In re Marriage of Witten (2003) 672 N.W.2d 768 criticized the contractual approach as follows: “First, decisions about the disposition of frozen pre-embryo implicate rights central to individual identity. On matters of such fundamental personal importance, individuals are entitled to make decisions consistent with their contemporaneous wishes, values, and beliefs. Second, requiring couples to make binding decisions about the future use of their frozen pre-embryo ignores the difficulty of predicting one’s future response to life-altering events such as parenthood. Third, conditioning the provision of infertility treatment on the execution of binding disposition agreements is coercive and calls into question the authenticity of the couple’s original choice. Finally, treating couples’ decisions about the future use of their frozen pre-embryo as binding contracts undermines important values about families, reproduction, and the strength of genetic ties.”

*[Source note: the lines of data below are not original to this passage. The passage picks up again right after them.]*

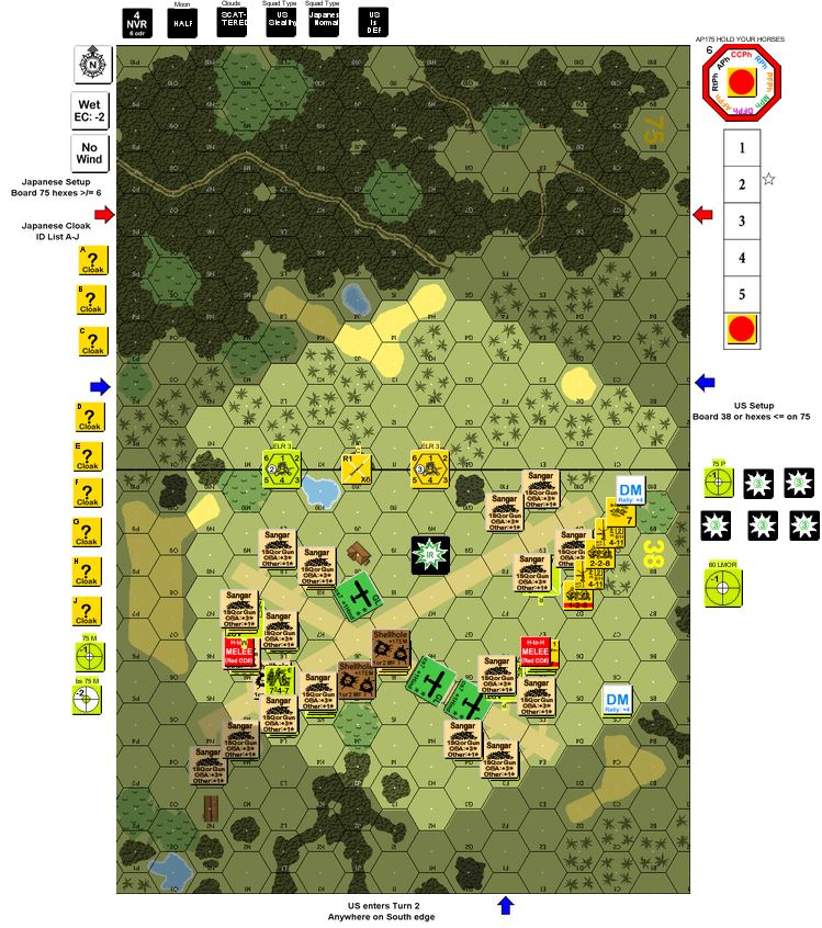 | Guns: A:0 Type 89 Heavy Grenade-Launcher D:3 M1A1 75mm Pack Howitzer x 2 M51 Multiple .50-cal MG Carriage M2 60mm Mortar |
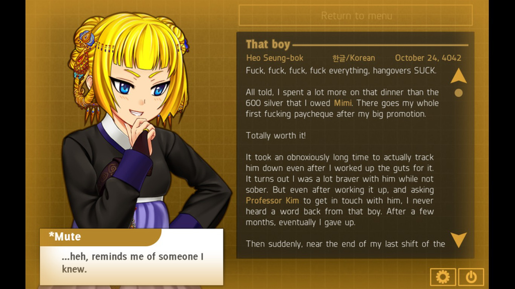 The player’s goal is to connect to the ship’s computer and salvage various text logs from the ship in order to uncover the truth behind the ship’s downfall. In order to aid the player, two AI’s can be reactivated from the ship’s computer: *Hyun-ae, a polite yet forward-thinking AI who has mysterious ties to one of the former families aboard the Mugunghwa and *Mute, the brash but traditional AI who served as the Mugunghwa’s security system.
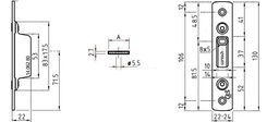 Sluitplaat RVS voor dagslot en rolslot met doorn 15 en23mm, RVS 22x2,5x124mm
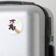 Une sorcière aux cheveux roses chibi volant sur son balai avec son chaton !

Witten goes on to say that the advantage of binding individuals to previous obligations “while maximizing the efficiency of commercial transactions, is ill-suited to govern the disposition of human tissue with the potential to develop into a child. The potential of the pre-embryo requires that couples be allowed to make contemporaneous decisions about the fate of the pre-embryo that reflect their current values.”
Further, as found in Davis, discussed below, there is not always an agreement between the parties. The Court, in this circumstance, would have to look to one of the other methods in order to reach its ruling.